The story behind story is that America is in an era of sharply rising inequality, with a few at the top doing fabulously well but most Americans on a downward economic escalator.
That’s why Diane Sawyer asked Hillary about the huge speaking fees, and why the Guardian asked whether she could be credible on the issue of inequality.
And it’s why Hillary’s answers – that the couple needed money when they left the White House, and have paid their taxes and worked hard for it — seemed oddly beside the point.
The questions had nothing to do with whether the former first couple deserved the money. They were really about whether all that income from big corporations and Wall Street put them on the side of the privileged and powerful, rather than on the side of ordinary Americans.
These days, voters want to know which side candidates are on because they believe the game is rigged against them.
According to new Pew survey, 62 percent of Americans now think economic system unfairly favors the powerful, and 78 percent think too much power is concentrated in too few companies. Even 69 percent of young conservative-leaning voters agree the system favors the powerful.
Other potential presidential candidates are using every opportunity to tell voters they’re on their side. Speaking at last week’s White House summit on financial hardships facing working families, Vice President Joe Biden revealed he has “no savings account” and “doesn’t own a single stock or bond.”
The same concern haunts the Republican Party and is fueling the Tea Party rebellion. In his stunning campaign upset, David Brat chargedthat Eric Cantor “does not represent the citizens of the 7th district, but rather large corporations seeking insider deals, crony bailouts, and constant supply of low-wage workers.”
But the Republican establishment doesn’t think it has to choose sides. It assumes it can continue to represent the interests of big business and Wall Street, yet still lure much of the white working class though thinly-veiled racism, anti-immigrant posturing, and steadfast opposition to abortion and gay marriage.
The Democratic Party, including Hillary Clinton, doesn’t have that option.
Which means that, as the ranks of the anxious middle class grow, the winning formula used by Bill Clinton and Barack Obama may no longer be able to deliver.
That formula was not just to court minorities and women but also to appeal to upscale Republican-leaning suburbs, professionals, moderates on Wall Street, and centrist business interests.
Accordingly, both Bill Clinton’s and Barack Obama’s economic plans called for deficit reduction as part of a “responsible” fiscal policy, trade expansion, and “investments” in infrastructure and education to promote economic growth.
But in a world of downward mobility for the majority, Democrats need to acknowledge the widening divide and propose specific ways to reverse it.
These might include, for example, raising taxes on the wealthy and closing their favorite tax loopholes in order to pay for world-class schools for everyone else; enacting a living wage and minimum guaranteed income; making it easier to unionize; and changing corporate and tax laws to limit CEO pay, and promote gain-sharing, profit-sharing, and employee ownership.
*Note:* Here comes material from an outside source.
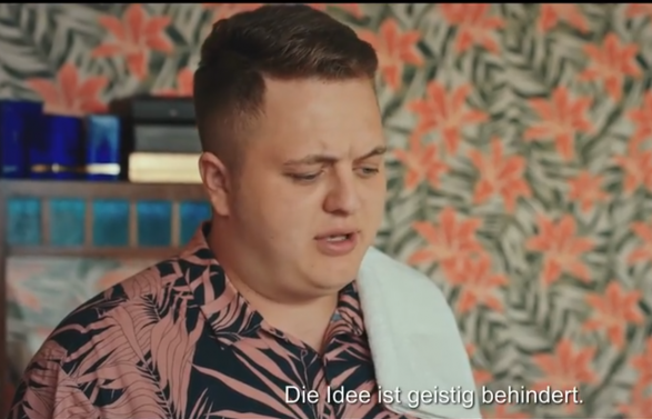 Kjo fjali është menduar si një batutë e mirë që do të sillte të qeshura të publikut, përcjell albinfo.ch. Por, para se të arrijë te publiku në sallat e kinemasë (më 12 tetor është premiera), ajo ka shkaktuar nervozë te zëdhënësja e Pro Infirmis, Susane Stahel.

In this scenario, Democrats would seek to forge a new political coalition of all the nation’s downwardly mobile – poor, working class, and middle class; white and black and brown.
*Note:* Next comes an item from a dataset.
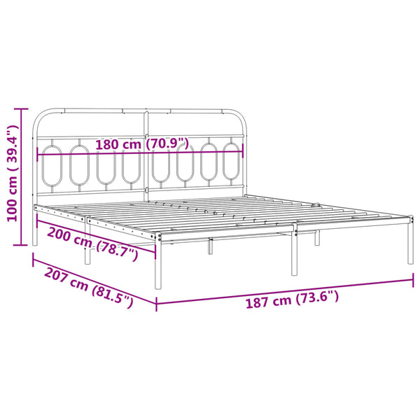 Musta metallinen sängynrunko päädyllä 180x200cm

It’s a gamble. It would make big business and Wall Street nervous, while ignoring Republican-leaning suburbs and upper-middle class professionals. The GOP would move in to fill the void.
But as the middle class shrinks and distrust of the establishment grows, a new Democratic strategy for the downwardly mobile may be both necessary and inevitable. If she runs, Hillary may have to take the gamble.
And if America is to have half a chance of saving the middle class and preserving equal opportunity, it’s a gamble worth taking.